I think anyone who writes should read good writers, in a range of genres. Occasionally read ‘bad’ writing, but not too often, as it will depress you that such a thing got published and may influence you in the wrong way. In crime, I would recommend Denise Mina, George Pelecanos, Mark Billingham or Louise Welsh for stylish prose, interesting characters and gripping plots.

What made you write a crime novel?

All the best stories are crime stories. Look at Red Riding Hood, for example. I started off trying to write what I thought was a literary novel, but once I began to pursue the idea of someone going missing, then the idea of a crime obviously presented itself.

What sort of research did you have to do to write /To Catch a Rabbit/?

I did most of the research towards the end of the writing process. When I had a full manuscript, I showed to a serving PCSO for feedback. I also went to a very interesting talk on forensics at the Harrogate Crime Festival, which led me to know what else to look for on the internet. I don’t do massive amounts of research but I did find a very useful YouTube video of a burning car, which was obviously more practical than trying it out myself.

What’s your creative process like? Do you need to be alone to write? Coffee shop maybe?
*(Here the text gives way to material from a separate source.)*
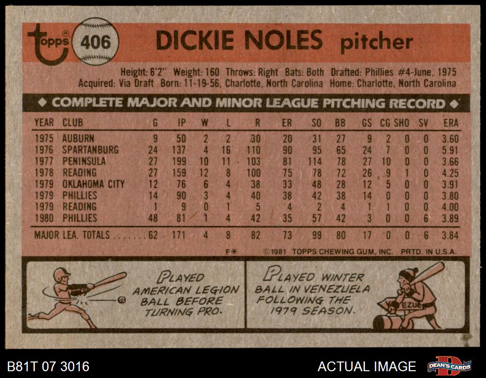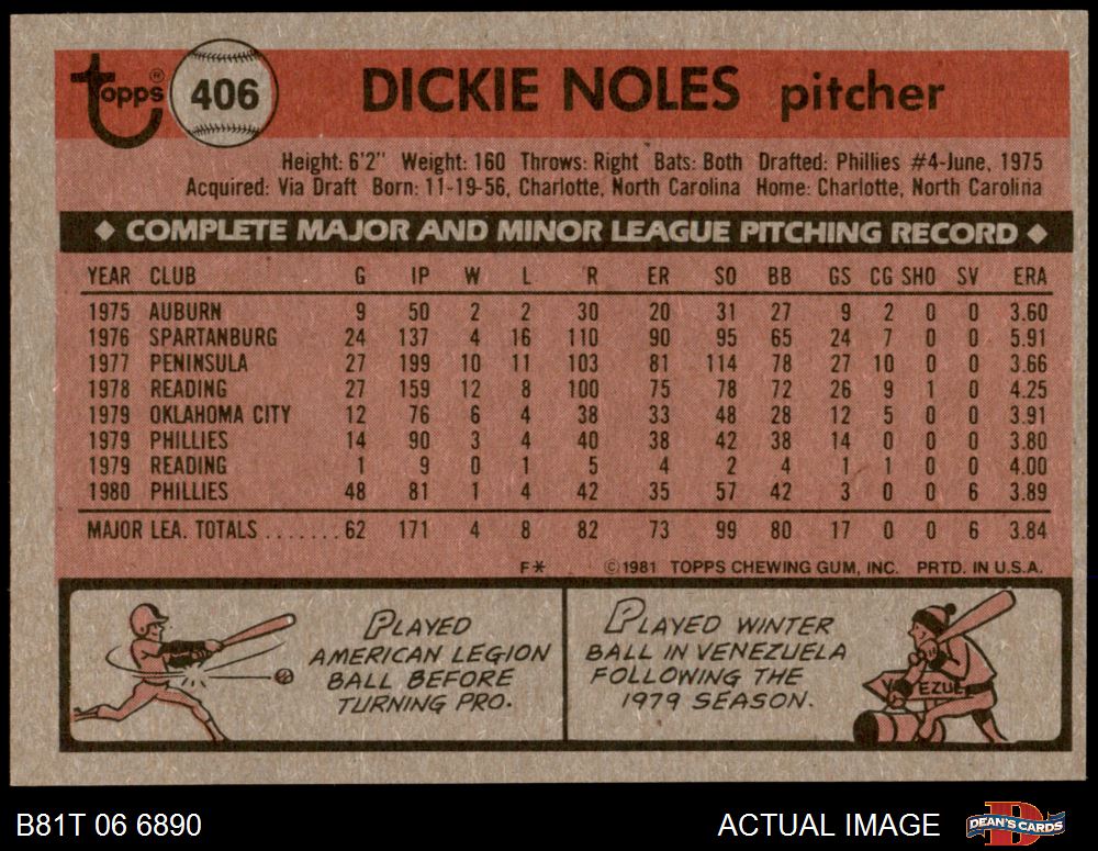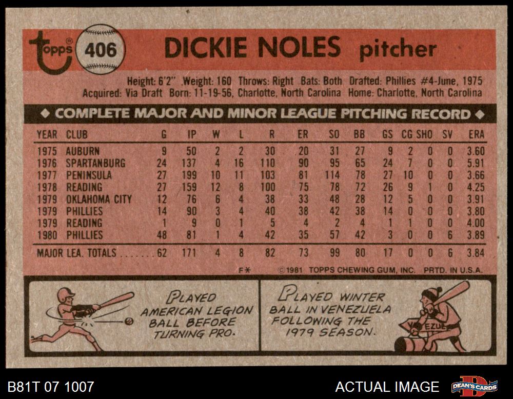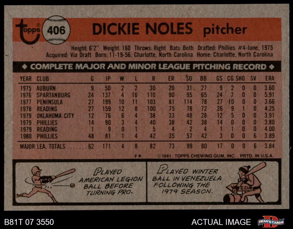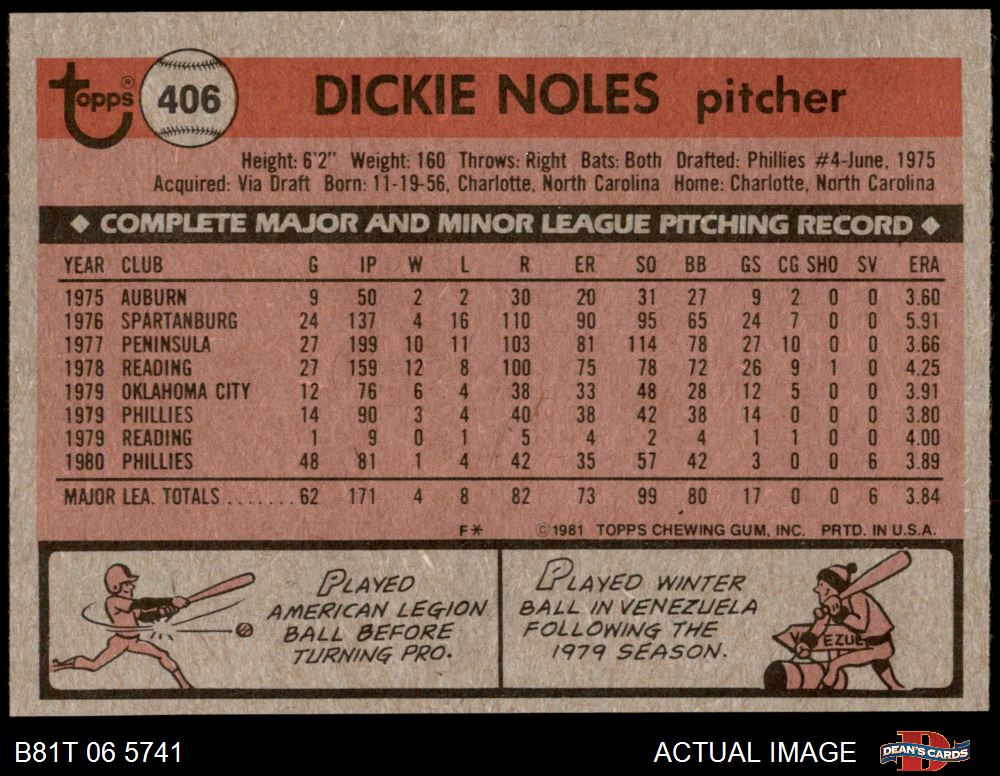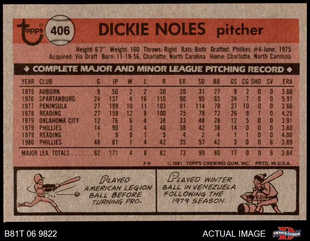 1981 Topps #406 Dickie Noles 7 - NM

Agh! If only I had a routine or anything I could reliably call a process. I’m a bit nomadic actually, moving from the kitchen table, to my bed, to the library, depending on my mood. I find coffee shops are better for writing poetry, as I can get too distracted by what’s happening around me to stay in the world of a novel.

Was it a surprise to win the Northern Crime Award?

Yes. It was amazing. You hope for something, then it happens. The only other times I have felt quite so happy was finding out I was pregnant with my sons.

Do you think that writers, especially non-prize winners, need to be constantly going to signings and events to publicise their work?

I quite like public events, because I’m an extrovert, and I go quietly bonkers shut up indoors all the time, but some writers find them more difficult. I think it’s very hard to assess how worthwhile they are in terms of book sales, but I’m sure they help with word of mouth. If readers find it interesting to meet authors, then it is valuable. Social media may be more effective, but if you’re not doing any events, what are you talking about on social media? Where are the pictures to prove you exist?

How’s the sequel coming along?

The sequel is with my agent and making it’s way, I hope, towards publication, but it may still need a bit more work, we’ll see…

Do you have any advice for getting published? Such as important things to include in a query.

This is probably a whole different article in itself, but fiction writers need agents. Competitions or awards can really help you to get noticed and get an agent. If you’re writing directly to an agent, talk about the book. Like any exercise in selling, you need to show why it is unique and why they might want to represent your book. Consider small presses, they are more likely to publish an unagented writer.

What about more general advice for aspiring writers?

Writers write. And read other writers. And re-read what they write themselves, to get it right. You may not be able to keep up with all the films, TV series, parties that non-writers are into, especially if you are a fiction writer. It is very, very time consuming, but if you love it, you won’t care. Oh, and if you are not intending to be single for your entire life, fall in love with someone who loves you enough to put up with you being a writer. It will make you extremely anti-social and is very unlikely to make you rich.